Alarms as Event Sources
Alarms integrate without any coupling. An alarm fires a callback. The callback sends {:step_ready, step_id} to the executor. The alarm knows a step ID and a message shape. Nothing else.
This is enough to do everything time-based:
-
Schedule a workflow to run at 8am – create the first step as
pending, schedule an alarm for 8am that sendsstep_readyto the executor -
Retry a failed step in 5 minutes – when the executor handles a step failure, it schedules an alarm for
now + 5 minutesand creates a new step row (same spec, incremented attempt counter) inpendingstate; the alarm unblocks it -
Escalate an unanswered approval – alarm fires after 24 hours, sends
step_readywith the escalation step ID; the executor creates a notification step
The alarm system doesn’t need to understand workflows to participate in them. It fires messages. The executor acts on them.
Crash Recovery Is Free
All state is in SQLite. The executor owns the table and is the only writer, so the table is always consistent – there are no partial writes from multiple processes to reconcile.

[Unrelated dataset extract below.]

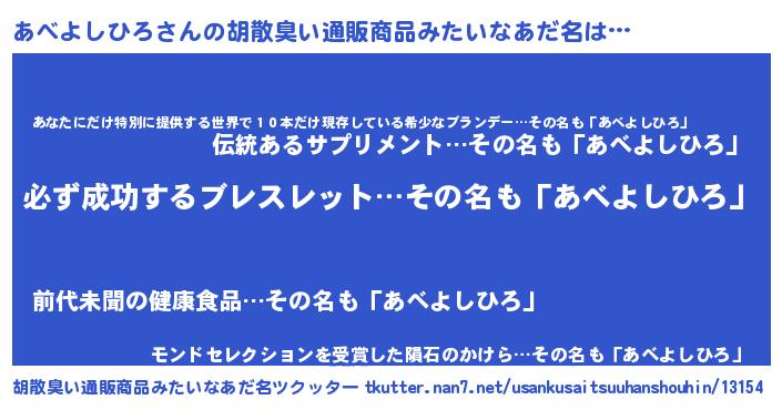| 男性向けラノベタイトル風あだ名 | 『あべよしひろの憂鬱』 |

When the executor restarts, it polls for ready steps it missed and runs them. A watchdog query finds steps stuck in running (the Task process died) and marks them failed or queues a retry. Steps in pending wait untouched until their event arrives.
No in-memory state to reconstruct. No coordination protocol to resume. No message queue to replay. The executor comes back up and the table tells it exactly what to do.
What This Architecture Achieves
Each piece knows only what it needs to:
- Steps know how to run a tool and report a result. Nothing else.
- The workflow knows the sequence and the branching logic. It answers “what’s next?” given a step name and a result.
- The executor knows how to run steps, handle events, and ask the workflow for the next step. It owns the table.
- Events (alarms, UI, completions, webhooks) know a step ID and a message shape. Nothing else.
No piece needs to understand the others beyond its immediate interface. Alarms don’t know about workflows. Steps don’t know about other steps. The workflow doesn’t know about execution. The executor doesn’t know about tool logic or branching rules.
This is what minimal coupling actually looks like in practice. Each boundary is a message. Each message is small. Each receiver does exactly one job.
The complexity of a workflow system – sequencing, branching, retries, approvals, scheduling, crash recovery – is fully present. It’s just distributed across pieces that are each individually simple, each individually testable, and each individually replaceable.